Kanteron developed tech to fight Covid19... and lost
A letter from our CEO: Kanteron Systems is closing down.
After almost sixteen years, my company, Kanteron Systems, has succumbed to Covid19. Sixteen years of epic hours, constant travel all over the world and boot-strapping. The roller coaster ride has come to an end. I am proud, but I am also disappointed.
I am proud of my amazing team and all that they have accomplished with very little resources. Our Precision Medicine Platform, which was inspired by a love story, is by all accounts a success. It has managed nearly a billion medical images from customers such as the NHS in the UK, Monticello Health in the USA, IMSS and ISSSTE in Mexico, EsSalud in Peru, or ITMS in Chile. Thousands of doctors from 12 countries used it to diagnose and treat millions of patients. By conservative estimates, we’ve helped save over a million lives. Giants in the industry, like Philips and Roche, were “inspired by us” and “followed our lead”. Our award-winning research produced papers, posters presented in international symposiums, and contributions to other software projects. And yet we still ended up failing as a business.
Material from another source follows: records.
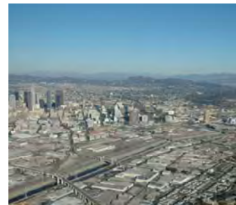
Downtown Los Angeles and the LA River
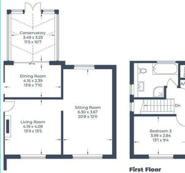
Illustration for identification purposes only, measurements are approximate, not to scale. © CJ Property Marketing Produced for Fine Homes Property

Approximate Gross Internal Area Ground Floor = 94.2 sq m / 1,014 sq ft First Floor = 80.5 sq m / 866 sq ft Outbuildings = 23.1 sq m / 249 sq ft Total = 197.8 sq m / 2,129 sq ft (Including Garage)
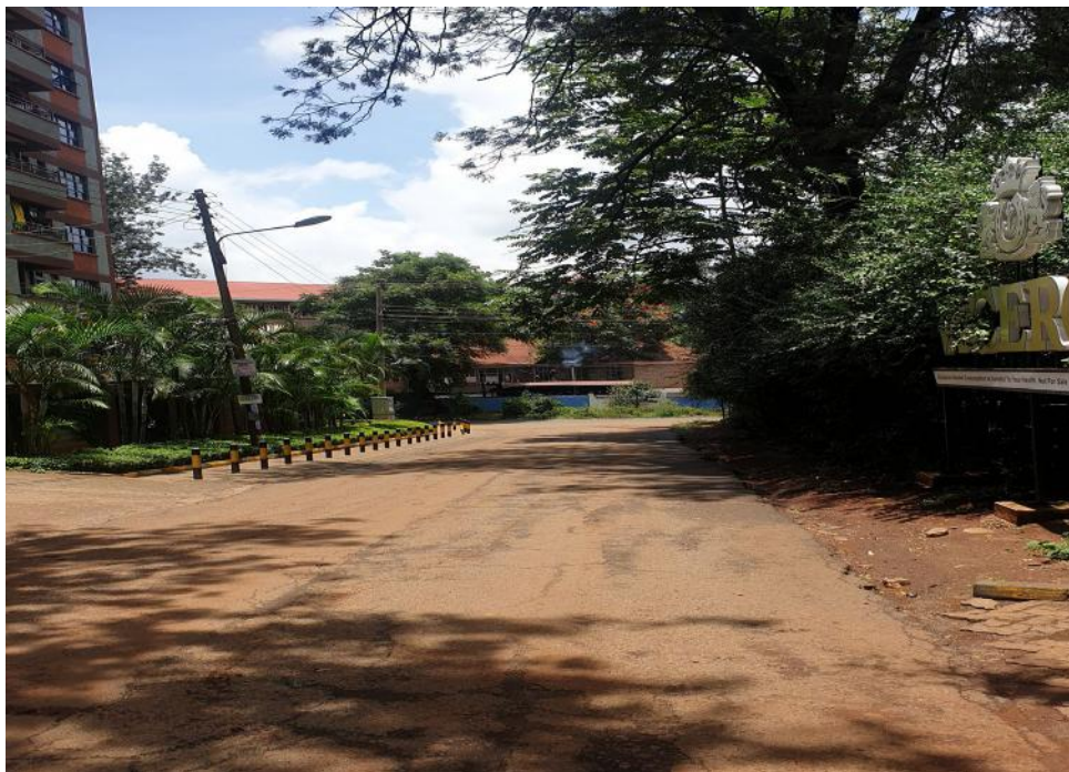
Photo 3: Showing site accessibility along Kolobot Road, Ngara area.

The proposed site is located along Kolobot Road in Ngara Area. The proponent will use the same road to access the proposed site.

Business-wise, 2019 was an excellent year for us with millions of dollars in revenue (+510% YoY revenue), and profitable (+113% YoY income), something you don’t often see in self-funded deep-tech startups. Yet, being independent means not having anyone else to reply on in case of a downturn, so we decreased our debt and increased our assets and equity “just in case”. We knew our time had come to expand aggressively, and we started looking for VC investors and M&A opportunities. After all, we had built a $300M sales pipeline, so the future looked bright.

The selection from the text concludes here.